10*log10(power) will result in a unit of dB/Hz, but remember that decibels are always a comparison between two power levels; you are quantifying a ratio of powers. A better definition of decibels is 10*log10(P1/P0), as explained here. If you simply plug a PSD bin estimate into this equation, you are setting your PSD bin to P1 and implicitly comparing it to a P0 value of 1. This may be what you want, and it may not be. For visualization purposes, this is fairly typical, but if you have a standard reference power you should be comparing to, you should use that for P0 instead.
Assuming that you are attempting to plot a dB Power Spectral Density estimate, to convert from Hz to MHz, you simple rescale the x-axis of your frequency graph. Remember that a MHz is just 1 million Hz, so the only difference is that 240000Hz = 0.24MHz
EDIT
The point brought up by mtrw is a very valid one; if you are dealing with large amounts of data and are averaging FFT vectors, I highly suggest the Multitaper method; it's a much more statistically sound method of sacrificing frequency resolution for greater confidence on your PSD estimate.
If you have a PSD in W/Hz i.e. 100 W/Hz then you have 50 dBm/Hz. dB/Hz or is often vaguely and generically used instead of dBm/Hz. Audacity uses dB as shorthand for dBFS (not dBFS/Hz, because it is computing a DFT, and discrete frequencies use a power spectrum and not a density) . A digital signal that reaches 50% of the maximum level has an amplitude of −6 dBFS, which is 6 dB below full scale – the removal of the MSB, hence the 6dB/bit figure (because 50% of maximum level is 25% of maximum power; 1/4 = - 6dB)

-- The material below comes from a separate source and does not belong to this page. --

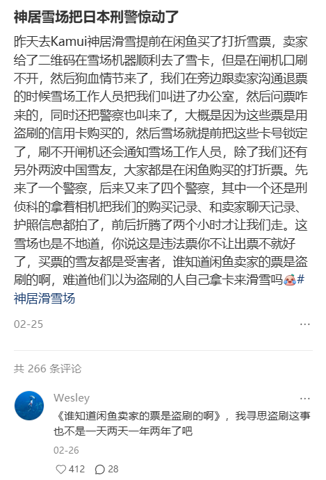更誇張的是今年2月,有幾位中國遊客在日本神居滑雪場,他們稱提前通過閒魚購買了所謂打折雪票。

dBm is the logarithmic ratio of the power with respect to 1mW, you divide the power by 1mW to get a unitless ratio, and then take the logarithm to get dB units, which in this case makes more sense to be clarified as dBm.
dBc/Hz is the ratio with respect to the carrier power, which is a ratio of two dBm/Hz values, meaning you subtract them and you get dBc/Hz; you get the same result if you divide the two linear power levels in W and then convert the ratio to dB (or more appropriately dBc).
dB-Hz is a logarithmic measure of bandwidth with respect to 1Hz and
dBJ is a measure of spectral density as a logarithmic ratio to 1 joule, seeing as W/Hz is indeed J.
Power spectral density is a density function, so you need to integrate it to get the actual quantity, like a line Integral of a V/m electric field, or a probability density of probability per x. This does not make sense for discrete quantities and instead the power spectrum is used akin to a probability mass function. If you see dB (which should be used for the discrete frequency domain) instead of dBm/Hz then it's wrong, but if you see it instead of dBm then it's right, as long as it's made clear what the reference is.